I purchased a 10 yr old quarter horse gelding about 3 months ago. He is a beautiful horse and reins very well. The problem I have is that he always wants to go faster and I always have to keep a tight rein. If I am trotting slow, he wants to trot faster. If I am loping slow, he wants to run fast. I use a curb bit with a leather chin strap. After riding about 1 hr, his chin is raw and almost bleeding. I tried a hackamore on him but it did not give me enough control. Perhaps if I had time to work him more, he would be tired and not so anxious to go faster. But I only have the time to ride him about 2-3 hours per week. Is there some easy way to slow him down?


Hi Wayne,

There is no short cut with horses. A 'short cut' generally means the human is trying to force something onto the horse. This does not work and is abuse. The best way to train a horse to stop is one that has risks and should be taken on by a very competent equestrian. It requires that you actually 'release control' and allow the horse to find his stop and then be rewarded for finding that stop. Sounds interesting, doesn't it? Here is the process:

Come into a large round pen (50-60 feet in diameter) or an arena with fence around it and gated ( a medium sized arena might prove best). Put a rope halter and lead rope (tied as reins or not, it doesn't matter) on your horse and begin to ride him. You need to let the horse go as fast as he wants, without trying to control his speed at all. You need to be able to sit out whatever the horse does and only influence his direction so he doesn't go somewhere dangerous that fast. It would probably be a good idea to warm the horse up in the round pen before you ride him so there is no bucking potential. Some horses will buck when first 'given their heads' totally. I absolutely guarantee your horse will want to stop eventually on his own. When you feel him finally looking to stop, just lift the rope and say "HO", or when he just finally stops on his own, give him a "good boy" and put him away. This is his big reward.
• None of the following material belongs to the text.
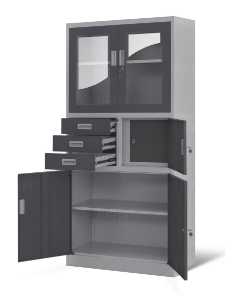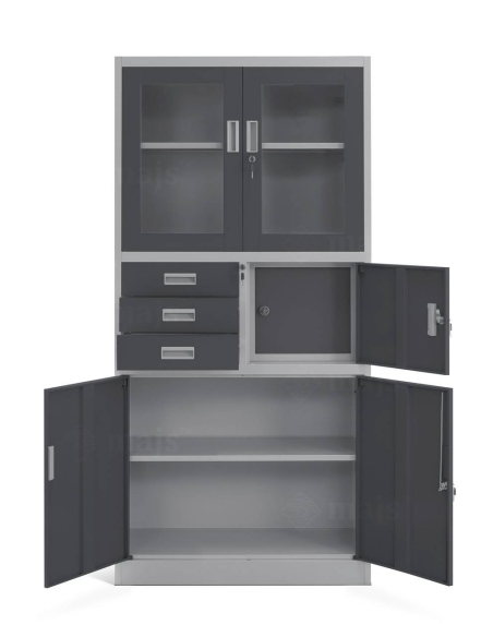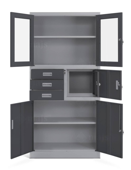 Szafa o konstrukcji metalowej wykonana z blachy o grubości 0.6 mm zapewnia stabilność i bezpieczeństwo użytkowania. Udźwig każdej półki to ok 50 kg. Każda z półek jest regulowana i może być dowolnie przestawiana co daje nam imponującą pojemność oraz szereg możliwości przechowywania i oszczędności przestrzeni magazynowej i archiwizacyjnej. Mebel wyposażony został w 3 funkcjonalne szuflady, zamontowane na solidnych i cichych prowadnicach. Dodatkowym atutem jest zamontowany sejf zamykany zamkiem szyfrowym i dodatkowymi drzwiczkami z zamkiem na klucz. Na swoje meble udzielamy 5 letniej gwarancji!

Do this process a few times and your horse will develop a nice easy stop. Then you can practice developing the lightest stop you can. Simply hunker down and back a little, close your legs (thighs to your knees closes the door to forward motion), lift the reins just the slightest bit (or not) and whisper "ho" (or not). Then you can begin to ride this horse without a bridle and just a neck rope. Consider the possibilities when we allow the horse to find things out for himself and actually allow him to learn by other than we trying to force the lesson on him, which is what 'control' does. Please do not attempt this is you do not feel qualified as a rider. Find someone who can and is willing to help. Once the initial 'stop' is found and rewarded, the horse will have learned it to a large degree and will respond to lightness in the stopping cue if the people riding the horse have a similar level of competence. With a mediocre rider who is pulling on the horse's mouth, the same thing will happen all over again and the lesson will have been wasted. Abuse/control only fosters fear and never confidence. Guidence and leadership develop trust, partnership, confidence and cooperation. The biggest problem to this whole process is if a human is willing and able to 'release control', let the horse find what the human wants it to do and then get rewarded. This is how we all learn the best (experientially).

I have said this is a very risky process and should not be undertaken by anybody other than a very experienced equestrian. There is a huge risk to a novice or intermediate rider. It is a very risky process, but is the one that really works the best and is the most efficient. Good luck and please keep me posted. BE CAREFUL!